> **RECORDS SUPPLIED**:
>>>

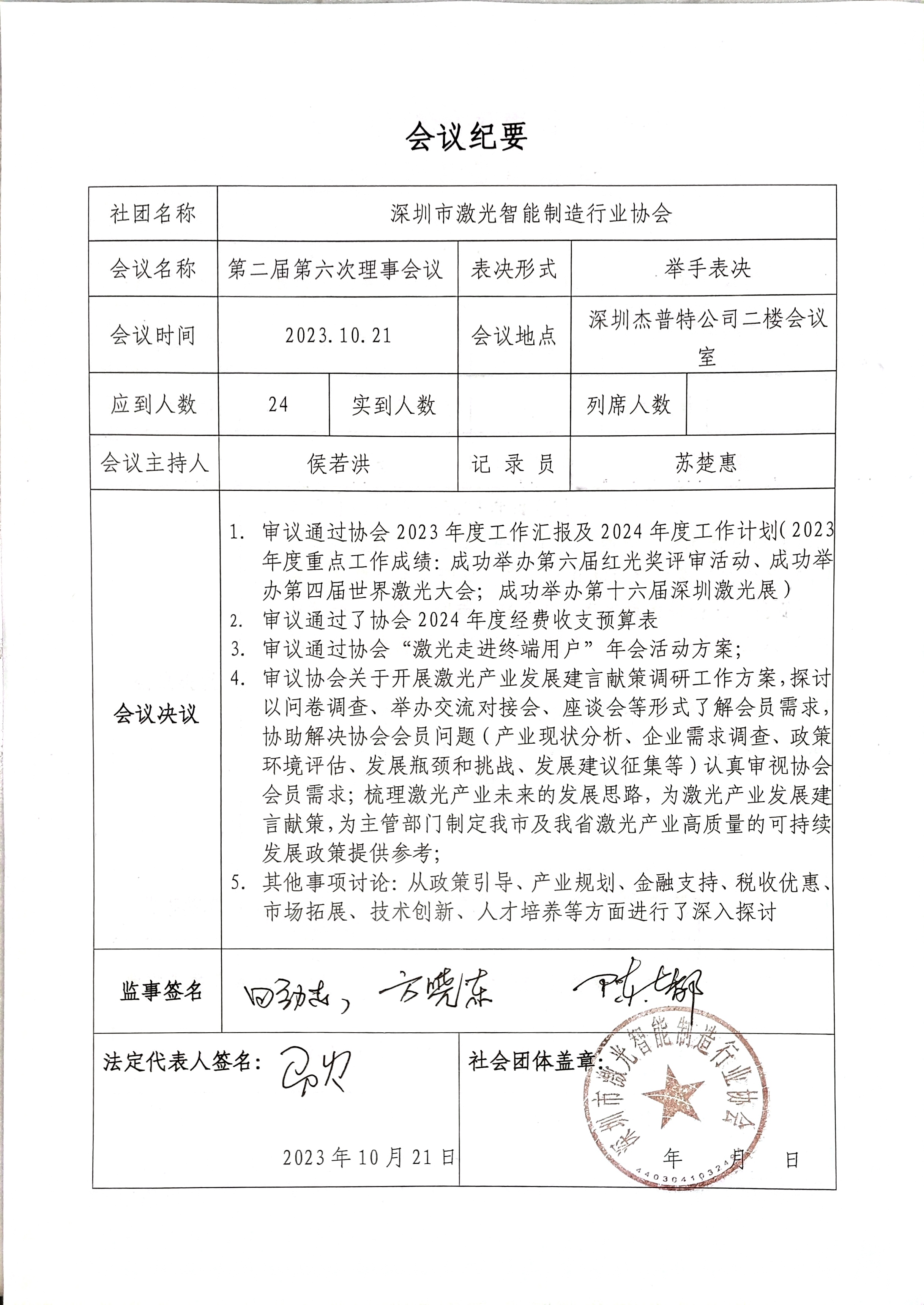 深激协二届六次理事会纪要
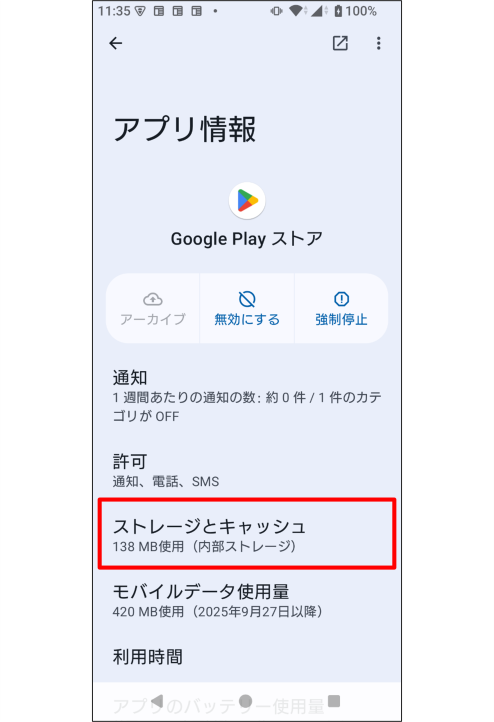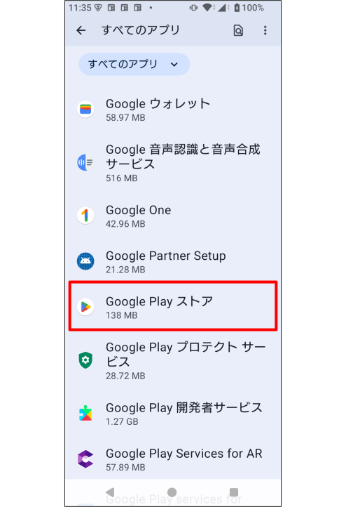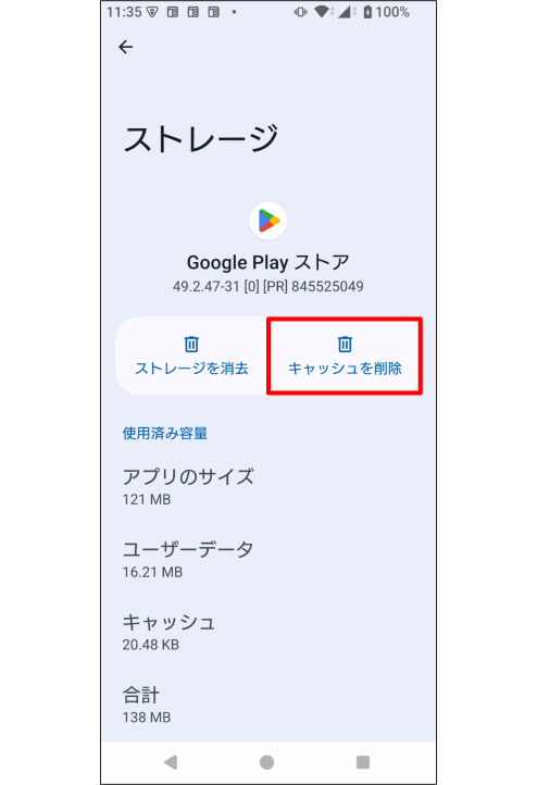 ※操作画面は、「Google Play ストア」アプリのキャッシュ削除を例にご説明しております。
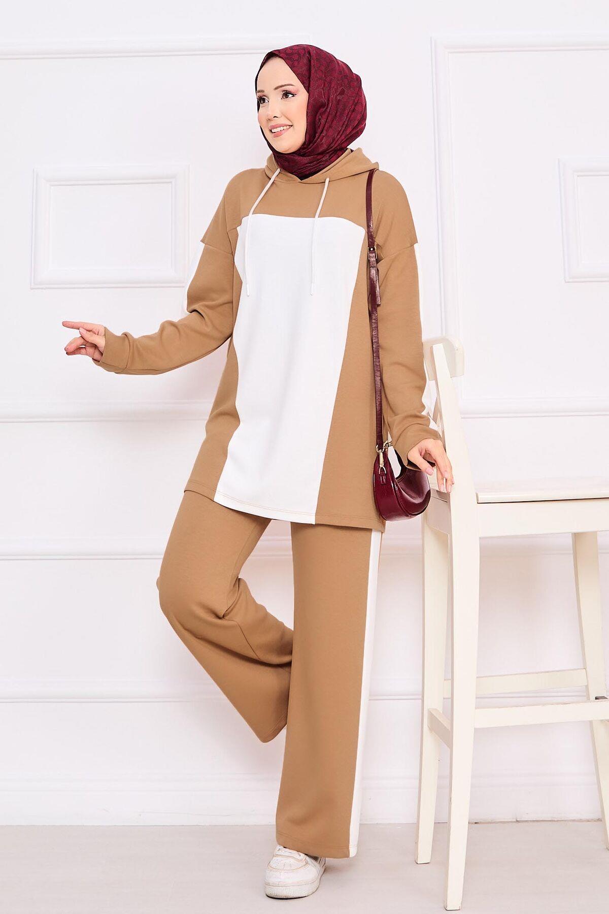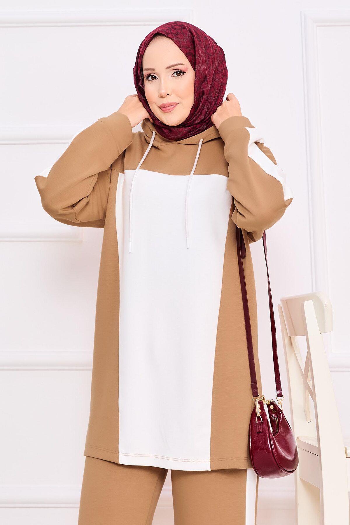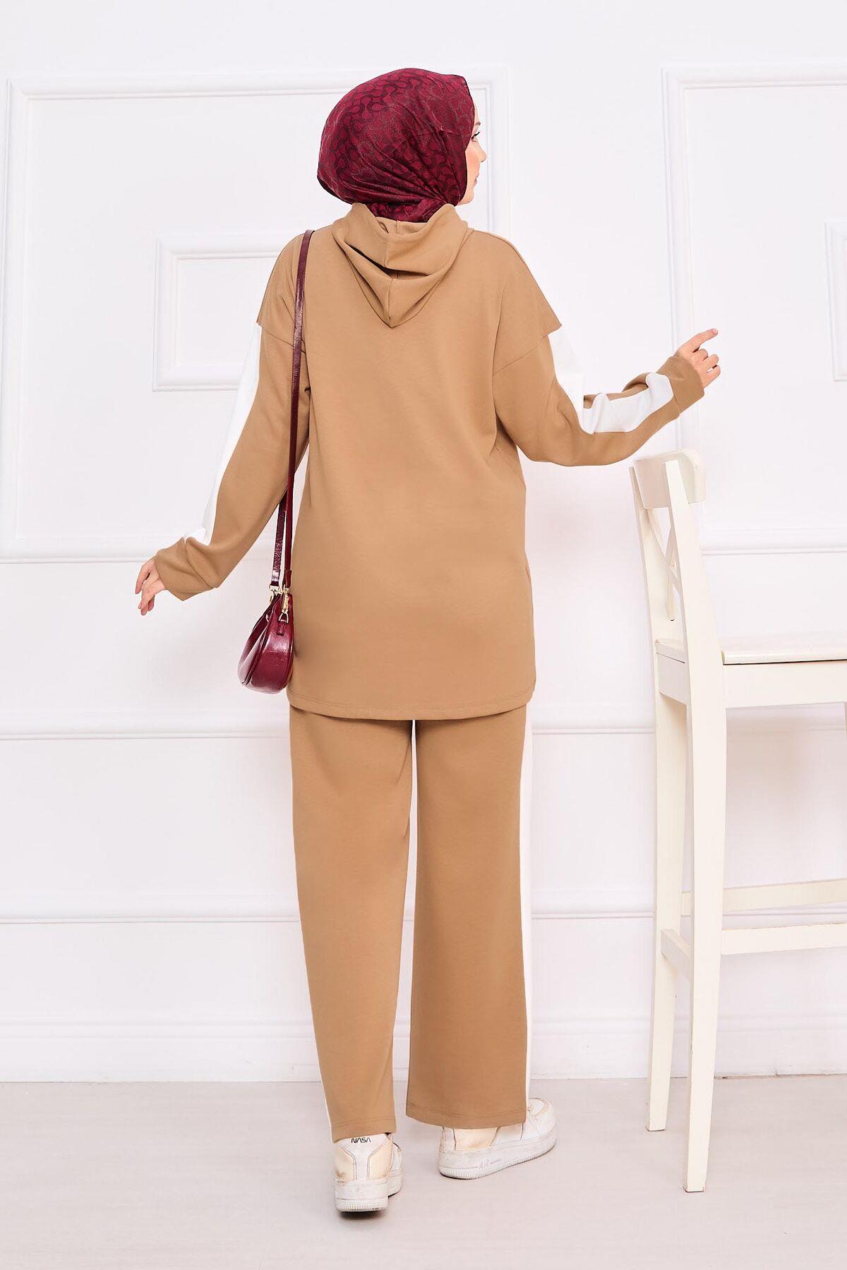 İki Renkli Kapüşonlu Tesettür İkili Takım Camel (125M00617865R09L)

<<<
>>>

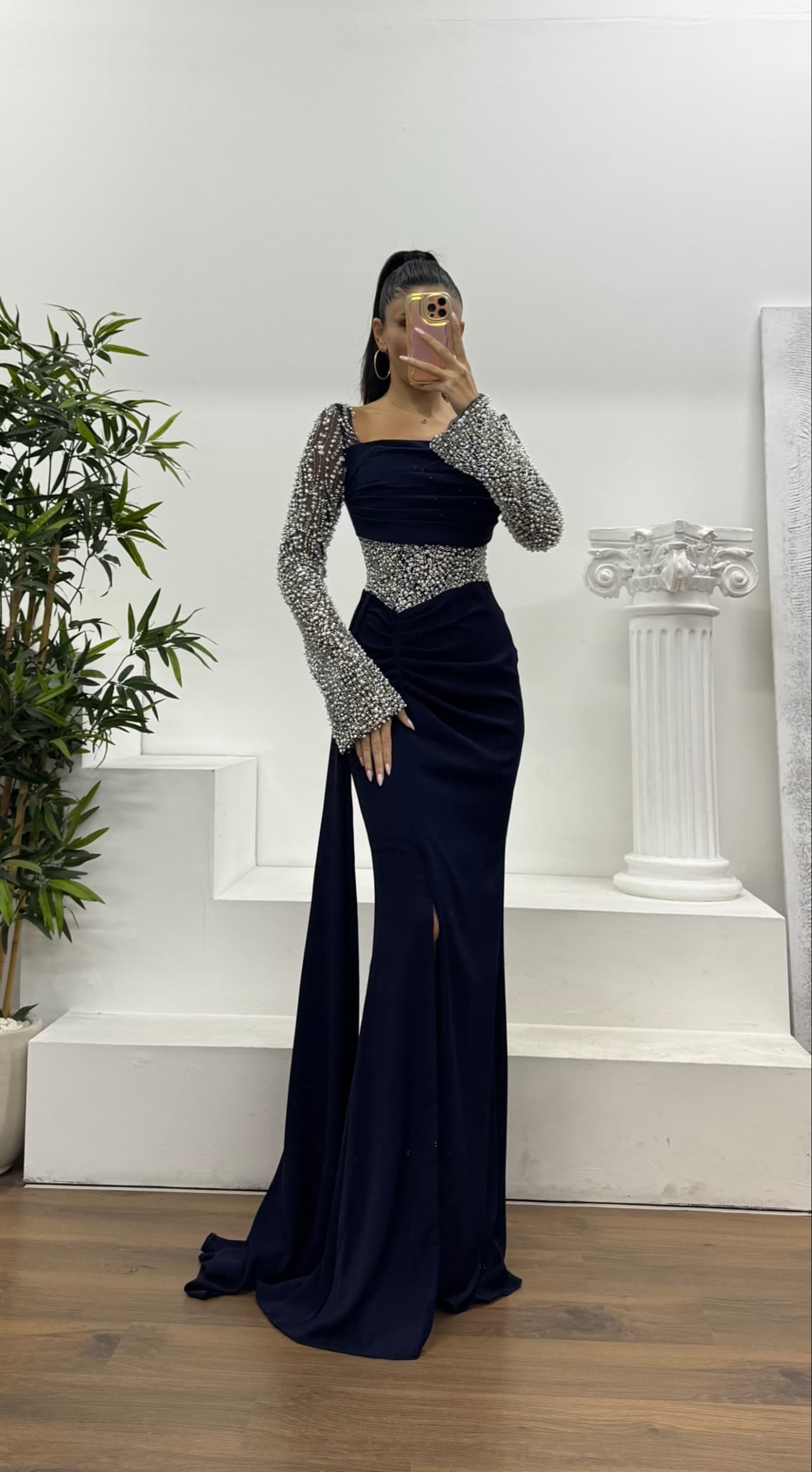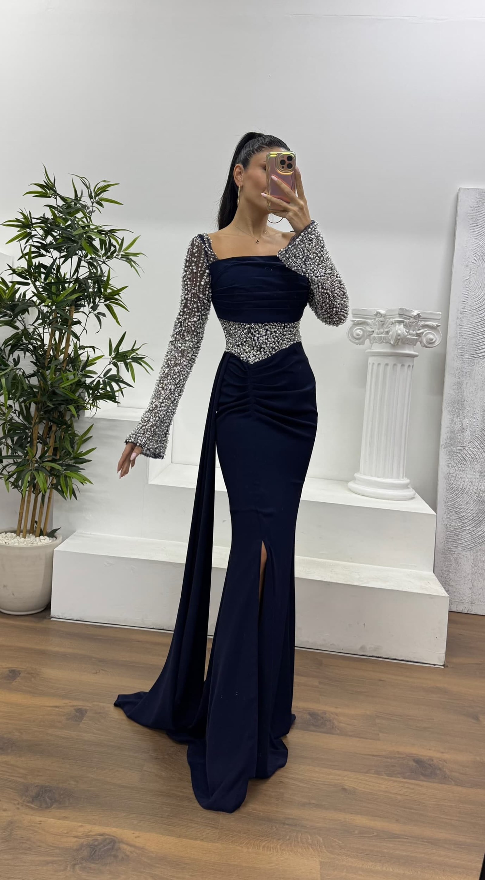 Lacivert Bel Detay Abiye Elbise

<<<

> **PROBLEM DETAILS**: Above, find the line holding "深激协二届六次理事会纪要" and the line holding "İki Renkli Kapüşonlu". Print exactly those two lines and every line between them, but no pictures.

> **TASK OUTPUT**:
 深激协二届六次理事会纪要
 ※操作画面は、「Google Play ストア」アプリのキャッシュ削除を例にご説明しております。
 İki Renkli Kapüşonlu Tesettür İkili Takım Camel (125M00617865R09L)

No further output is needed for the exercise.